The total number of seabirds that were estimated to have been caught within New Zealand waters during the 2008—09 fishing year was 3224 (95% c.i.: 2520 to 4412). Of the total estimated captures, 27.5% were albatross species, with the remainder being petrels and shearwaters. The estimate of seabird captures includes captures in all surface longline fishing, in all trawl fishing other than fishing targeting inshore species, in large-vessel (over 34 m long) bottom longline fisheries, and in small vessel bottom longline fisheries targeting snapper in the northern area (FMA1). Observer coverage in the other trawl and longline fisheries was too low to allow for seabird bycatch estimates to be made.

There were 1544 (95% c.i.: 1294 to 1892) estimated seabird captures in offshore trawl fisheries, 591 (95% c.i.: 351 to 987) estimated captures in surface longline fisheries, and 1088 (95% c.i.: 559 to 2719) estimated captures in the bottom longline fisheries for which estimates were made. Of the five species groups used for the modelling, the other birds and other albatross groups had the highest number of estimated captures during 2008—09 (mean estimates of 1207 and 618 captures, respectively). In this year there were also mean estimated captures of 528 sooty shearwaters, 269 white-capped albatrosses, and 601 white-chinned petrels. The results from the estimation were broadly comparable with results from other projects that have estimated seabird bycatch in New Zealand fisheries. An exception was with seabird captures in large-vessel bottom longline fisheries: in this fishery observer coverage has been biased to vessels that use integrated weight lines. Estimation methods that do not take this into account tend to underestimate seabird bycatch in this fishery. Improving observer coverage of the vessels that do not use integrated longline would reduce the uncertainty in the estimates of seabird bycatch in bottom longline fisheries.

Across all included fisheries, there was a significant decrease in the total number of birds caught between 2002—03 and 2008—09, with the total number of captures falling by 47.6% between the 2002—03 and 2008—09 fishing years. This fall was associated with declines in effort in trawl, bottom longline, and surface longline fisheries. Estimated seabird captures increased by 29.3% between 2007—08 and 2008—09. This increase occurred for a range of seabird species, in a range of different fisheries, despite an ongoing decline in the effort. The reasons for this increase are unclear.

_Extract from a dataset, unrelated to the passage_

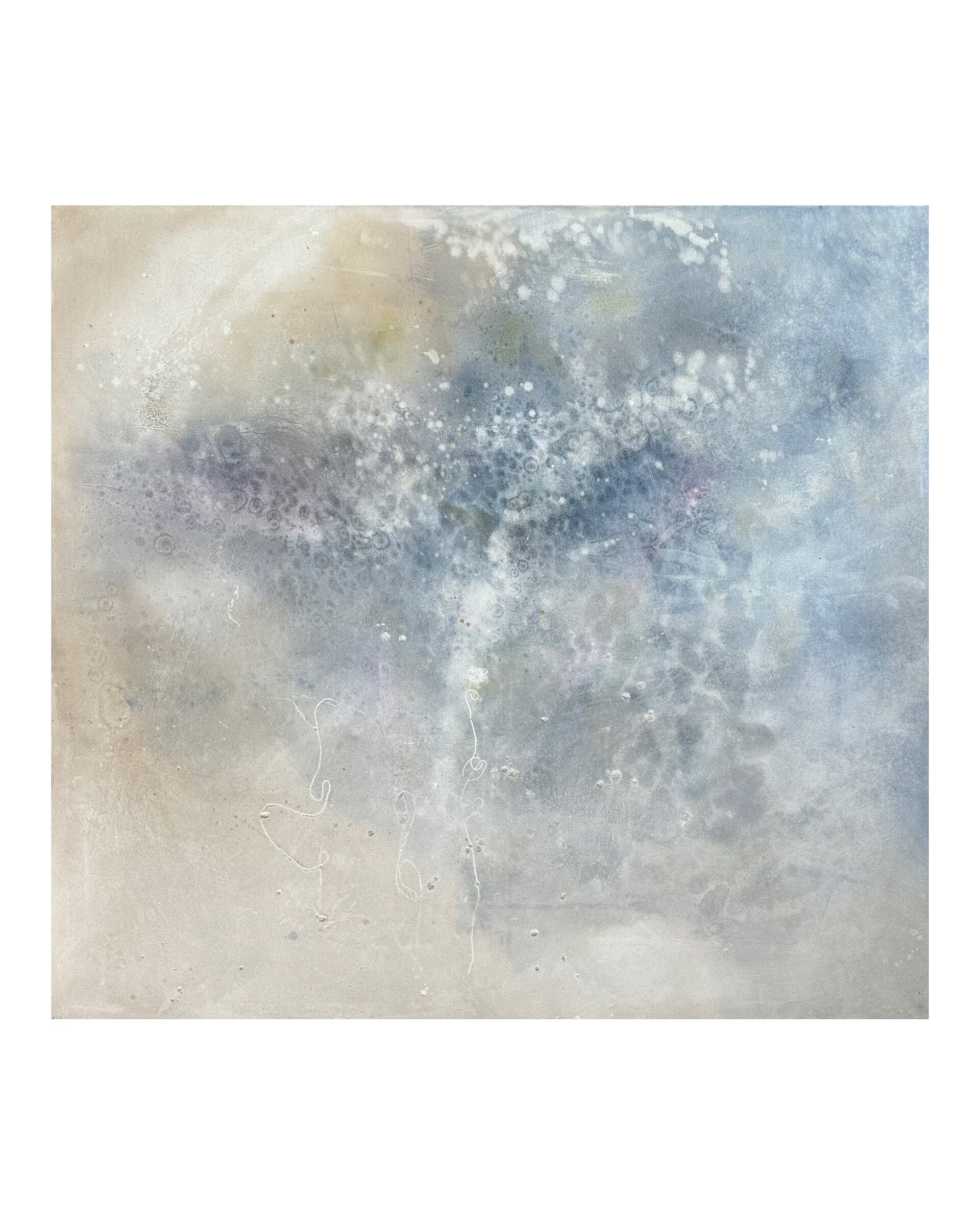 “Morgenbrise” auf Leinwand, 74x54, Mixed Media, Muschelkalk/ aus der Serie “Geheime Strände” 2023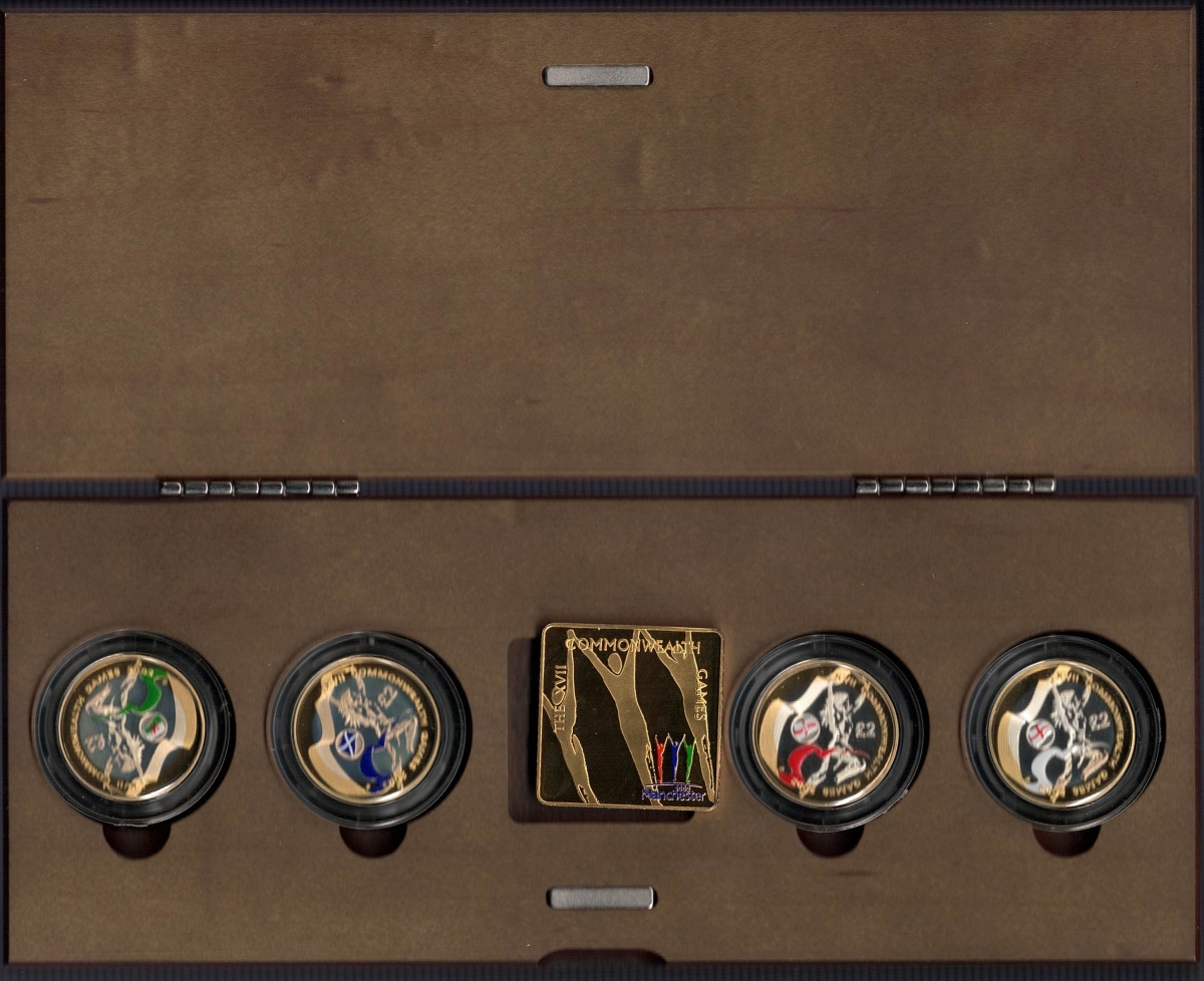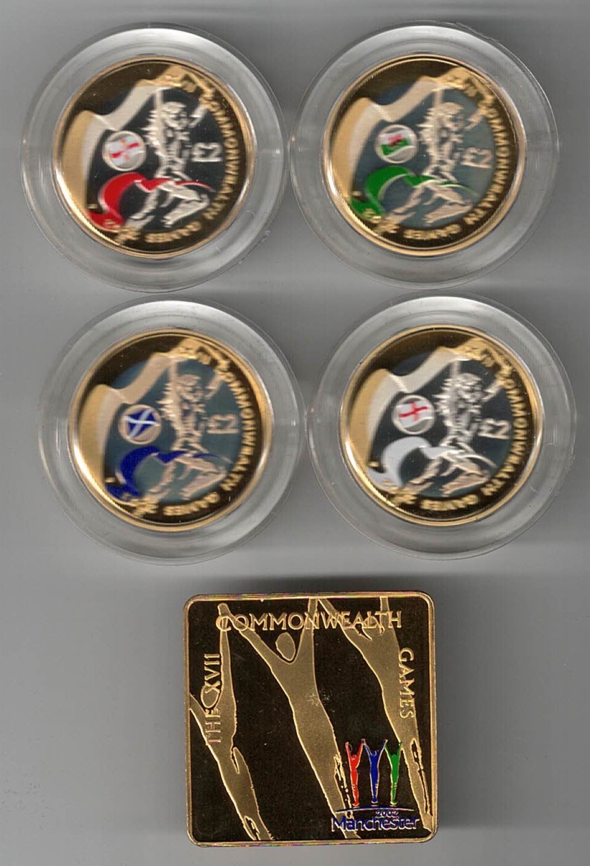 2002 Royal Mint Commonwealth Games Two Pounds, Piedfort, Silver Proof, Four Coin Colourised Set In Near Mint Condition.

The statistical modelling gives insight into the performance of mitigation measures during routine fishing. In large-vessel bottom longline fisheries, the use of integrated weight line was associated with a reduction in the white-chinned petrel capture rate by 87.2% (95% c.i.: 40.6 to 97.6). In 2008—09, only 39% of the effort by large bottom-longline vessels was carried out using integrated weight line. In the squid fishery, the capture rate of white-capped albatross fell to 47.1% (95% c.i.: 20.9 to 98.8) of what it was before the introduction of mandatory warp mitigation in January 2006. The statistical models also showed that seabirds are more likely to be caught in surface longline fisheries during nights close to full moon, than on other nights. Specifically, other albatrosses and other birds were each over 3 times more likely to be caught in surface longline fisheries when the illumination of the moon’s disk was more than 90%.

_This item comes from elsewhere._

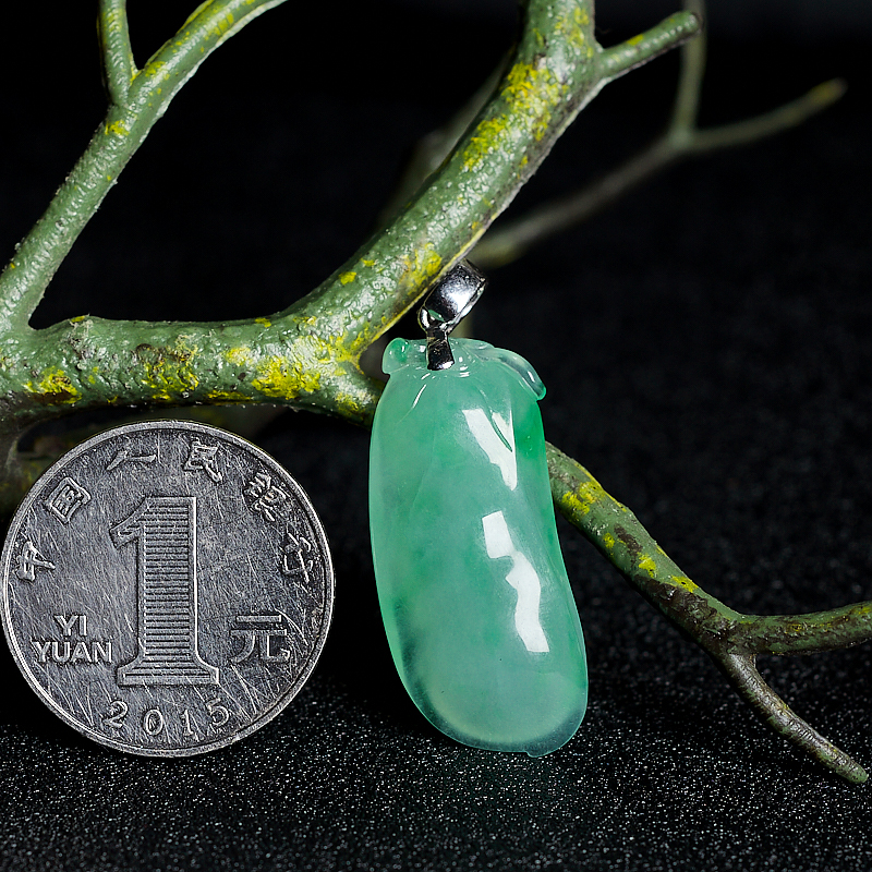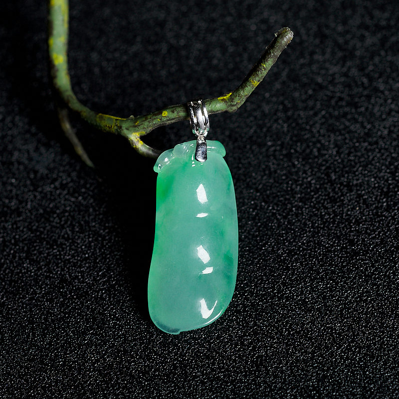 • [名  称] 18K糯冰种飘翠翡翠福豆吊坠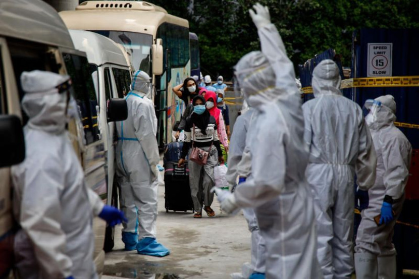 Petugas KKM yang lengkap memakai pakaian pelindung diri (PPE) dan dibantu anggota Polis Diraja Malaysia (PDRM) berada di kawasan tapak pembinaan bagi membawa keluar warga asing untuk dibawa ke pusat kuarantin ketika tinjauan di sekitar Kuala Lumpur pada Selasa. - fotoBernama

The estimation was based on observer data, and the resulting estimates may be interpreted as the number of captures that would have been reported if there were observers on every vessel. No allowance was made for under-reporting (caused by observers not being able to monitor all fishing activity during observed trips), or cryptic fatalities (caused by birds being killed by the fishing activity, but without the body being brought on board the vessel). In this report, the population consequences of fishing-related seabird fatalities were not considered.